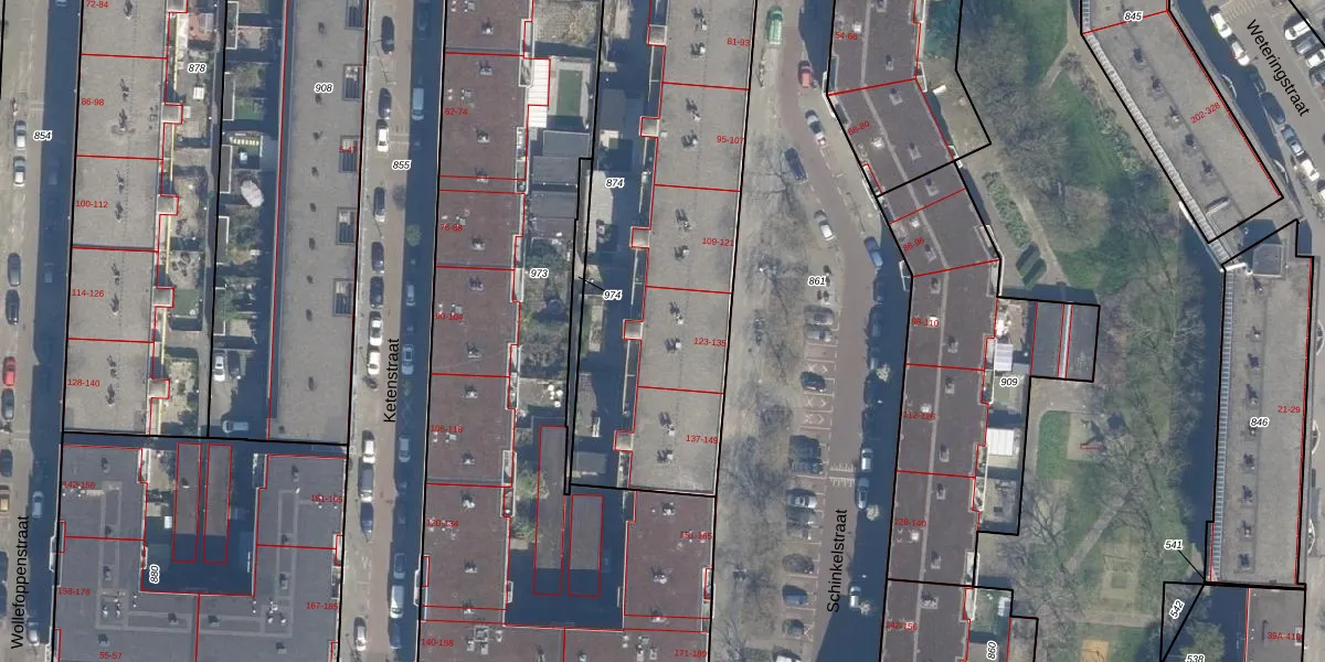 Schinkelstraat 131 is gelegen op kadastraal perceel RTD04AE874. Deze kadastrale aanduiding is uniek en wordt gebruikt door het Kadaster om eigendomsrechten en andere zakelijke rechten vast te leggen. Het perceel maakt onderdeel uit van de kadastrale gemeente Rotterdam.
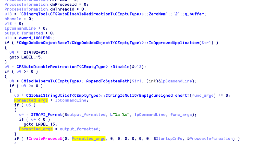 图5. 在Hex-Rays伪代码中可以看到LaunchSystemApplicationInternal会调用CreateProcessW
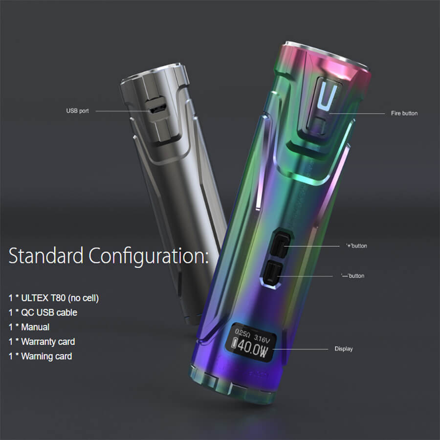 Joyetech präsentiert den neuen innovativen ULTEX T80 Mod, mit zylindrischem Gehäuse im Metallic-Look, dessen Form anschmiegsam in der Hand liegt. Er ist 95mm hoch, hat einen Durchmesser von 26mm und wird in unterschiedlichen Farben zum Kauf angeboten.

(Task brief): Return each line above word for word. Skip the pictures.

(Result):
 Schinkelstraat 131 is gelegen op kadastraal perceel RTD04AE874. Deze kadastrale aanduiding is uniek en wordt gebruikt door het Kadaster om eigendomsrechten en andere zakelijke rechten vast te leggen. Het perceel maakt onderdeel uit van de kadastrale gemeente Rotterdam.
 图5. 在Hex-Rays伪代码中可以看到LaunchSystemApplicationInternal会调用CreateProcessW
 Joyetech präsentiert den neuen innovativen ULTEX T80 Mod, mit zylindrischem Gehäuse im Metallic-Look, dessen Form anschmiegsam in der Hand liegt. Er ist 95mm hoch, hat einen Durchmesser von 26mm und wird in unterschiedlichen Farben zum Kauf angeboten.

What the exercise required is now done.